The Ventimiglia were a noble family of Liguria, now in Italy. Descendants of the family held positions and titles of nobility in Sicily in Mediaeval times and later.

Members of the family 
 Giovanni I Ventimiglia (1383–1475), eighth count of Geraci (from 1405); Marquis of Geraci from 1436; also Lord of Castelbuono, Tusa, Gangi, San Mauro (San Mauro Castelverde), Pollina, Caronia (from 1412), Cefalù, Sciacca, Termini Imerese, Count of Montesarchio, Bitonto, Casamassima, Serracapriola, Castellamare di Stabia, Orta Nova and Magliano, Baron of Ciminna..., Grande Ammiraglio del Regno (Grand Admiral of Sicily Kingdom), Viceré di Sicilia, (Viceroy of Sicily), 1430–1432, Governatore del Regno di Napoli (Governor of Naples Kingdom), 1435, Viceroy of Duchy Athens and Neopatria, 1444, Regent of Naples Kingdom, 1460, Captain General of the Church, 1445 and 1455.

 Giovanni II Ventimiglia, marquis of Geraci (1559–1619), lord of Castelbuono, Gangi, Pollina, Pettineo and San Mauro, was acting Viceroy of Sicily from 1595 to 1598.
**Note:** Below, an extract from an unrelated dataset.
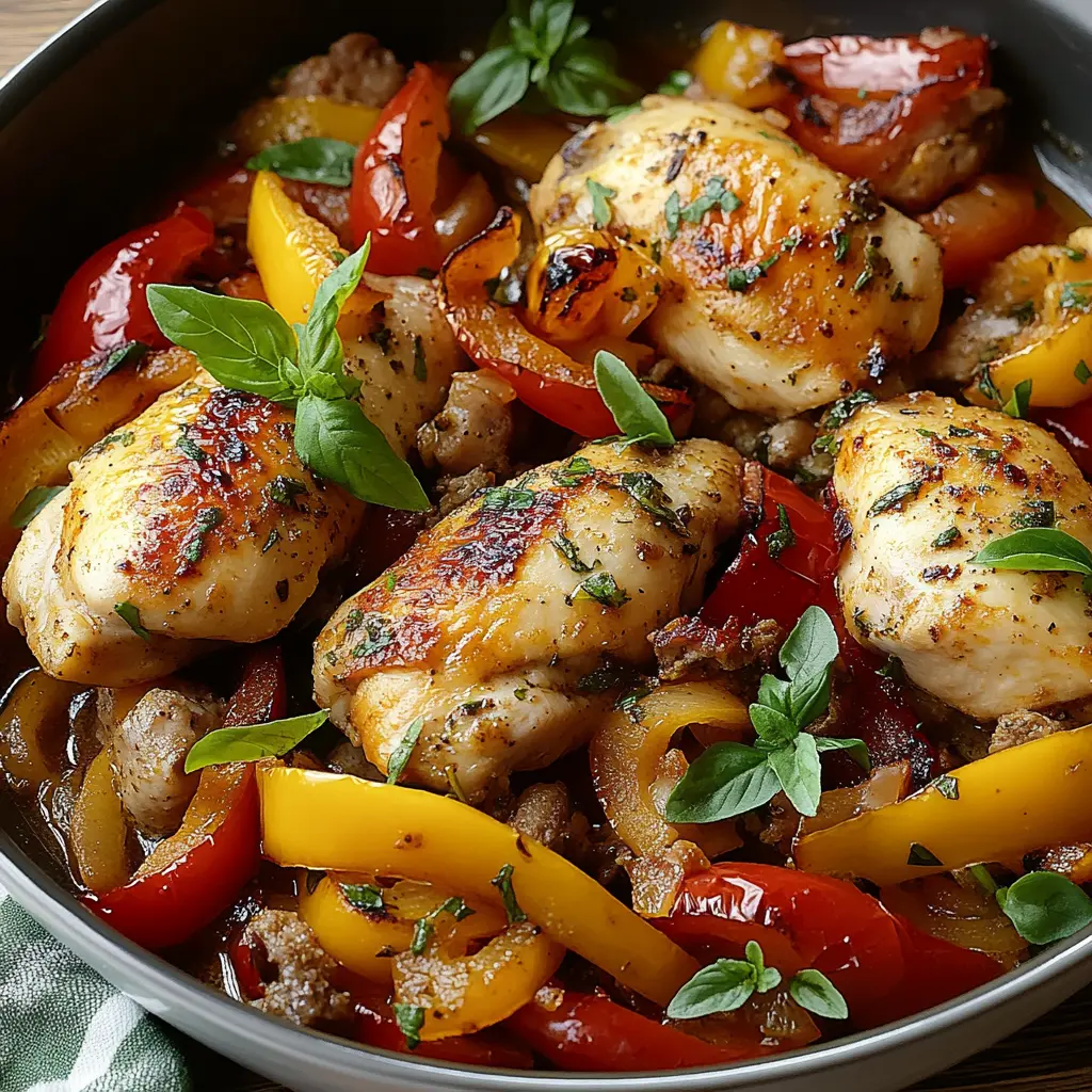 Description of this recipe: This vibrant and flavorful Italian chicken dish combines tender chicken breasts with colorful bell peppers, onions, garlic, and your choice of savory meat. The dish is seasoned with classic Italian herbs and finished with fresh basil, offering a delightful Mediterranean-inspired meal.

 Salvatore Ventimiglia (d. Palermo, April 1797), Bishop of Catania, son of the 3rd Princes of Belmonte

 Francesco I Ventimiglia

Lascaris di Ventimiglia 

A branch line, the Lascaris (di Ventimiglia) Conti di Tenda, is descended in female line from the Laskaris of the Empire of Nicaea through the marriage in 1261 of Guglielmo Pietro I, Conte di Ventimiglia, Signore de Tenda (d. 1282) with Eudokia Laskarina (1248–1311), daughter of Emperor Theodore II Laskaris and his wife Princess Elena of Bulgaria.